Big Data Analytics and Text Mining

Instructor

Gerard de Melo
CBIM 8, Dept. of Computer Science
Office hours: Wed 5:10pm-6:10pm
(note: no office hours on April 26)

Teaching Assistant

Fangda Han
Email: fh199@scarletmail...
Office hours: Tue 2pm-4pm at Hill 270

Time and Location

Mondays and Wednesdays, 1:40pm - 3:00pm
Till 116, Tillet Hall, Livingston Campus

Announcements

Important: See the Course Project Slides (course-project.pdf on Sakai) for important deadlines. However, note that the deadline for short project proposals has been extended to Wednesday, Feb. 22. See Course Project References for possible datasets and topics.
The Sakai site is finally available. Enrolled students are already in the system. Others may get in touch with the TA Fangda Han to get access.

Overview

In recent years, we've witnessed an explosion in the amount of available data. This brings us both novel challenges and opportunities. The challenges include developing new frameworks to manage and process such large amounts of data (e.g., Hadoop, Apache Spark, cloud technology, “NoSQL” databases, and scalable data structures for Big Data).

The opportunities include our ability to draw on these massive amounts of data to enable stunning new advances in data mining and in creating intelligent systems. Examples include deep neural networks that can automatically describe a picture and large systems such as IBM's Watson that outperform even the best humans at answering quiz show questions.

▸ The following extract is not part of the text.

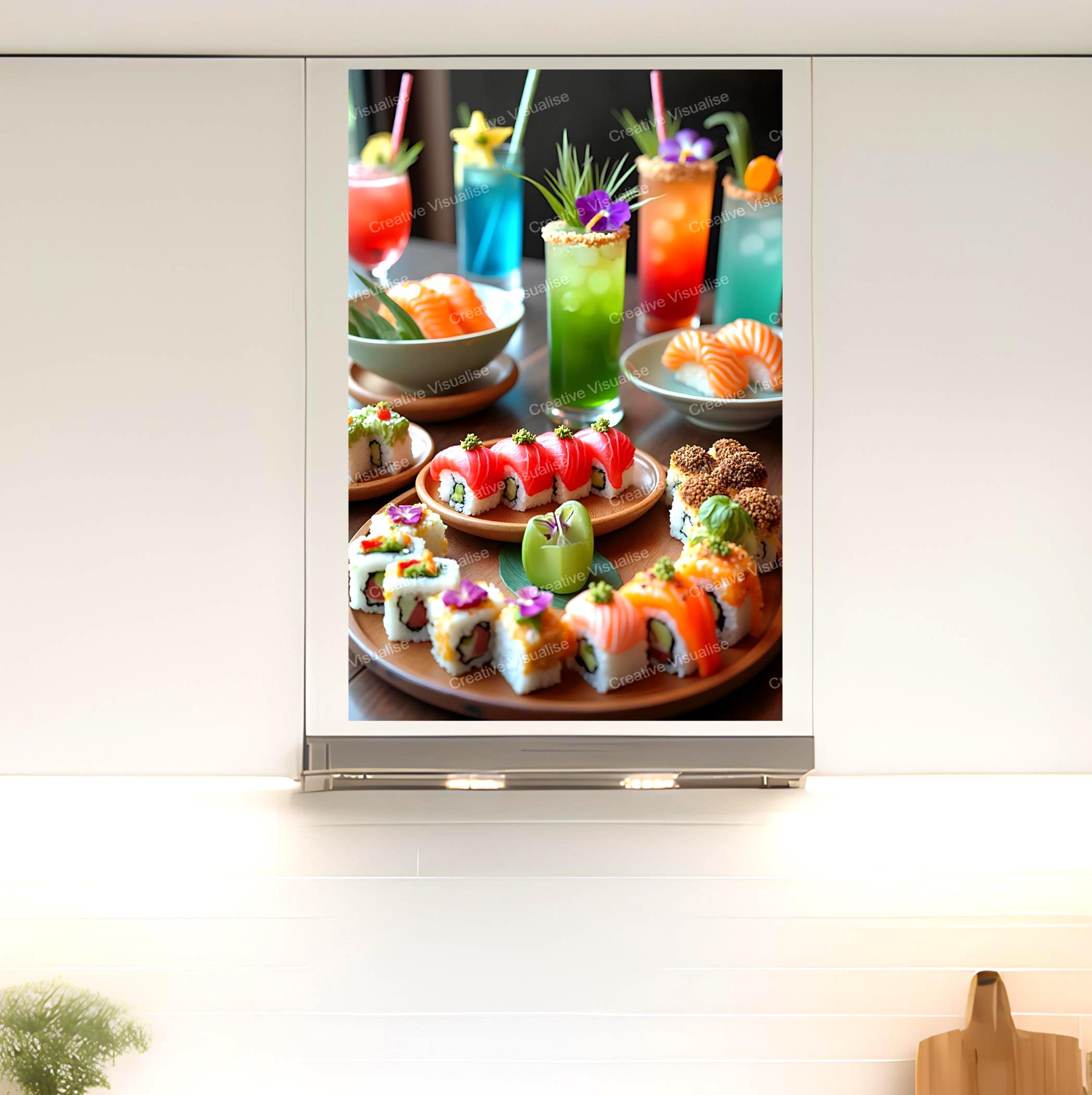 A table of sushi and drinks that can be easily downloaded and printed (not a physical item for delivery). The details of the digitally received image are about 11000 × 16000 pixels, 300 DPI, JPEG and PDF formats, AI artwork, very high resolution without a watermark, and large enough for professional posters, canvas prints, and wall decor. Please send me a message if you need another file format after the original files' delivery. This price is for personal use! For commercial use, please send me a message.
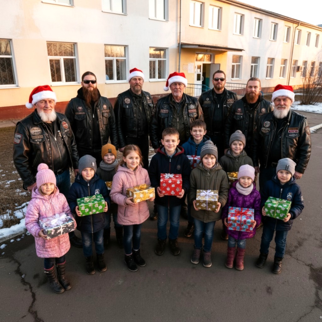 The bikers pulled into Riverside Children’s Home at six o’clock on Christmas morning, rolling up with three semi-trailers, five cargo vans, and so many wrapped gifts that they could have filled the entire gym from wall to wall.

In this course, we will study some of the latest advances in these areas, focusing both on foundations and on methods to acquire insights and knowledge from Big Data. Examples include deep learning, learning and extracting knowledge from text, compiling knowledge to create large knowledge graphs, and using all of these techniques in intelligent applications, e.g. for question answering and intelligent agents such as Facebook's "M".

The course will include hands-on practical work on real data sets, based, among others, on the Apache Spark platform.

Prerequisites

Basic familiarity with data structures (from Introduction to Computer Science class) and basic mathematics and probability theory.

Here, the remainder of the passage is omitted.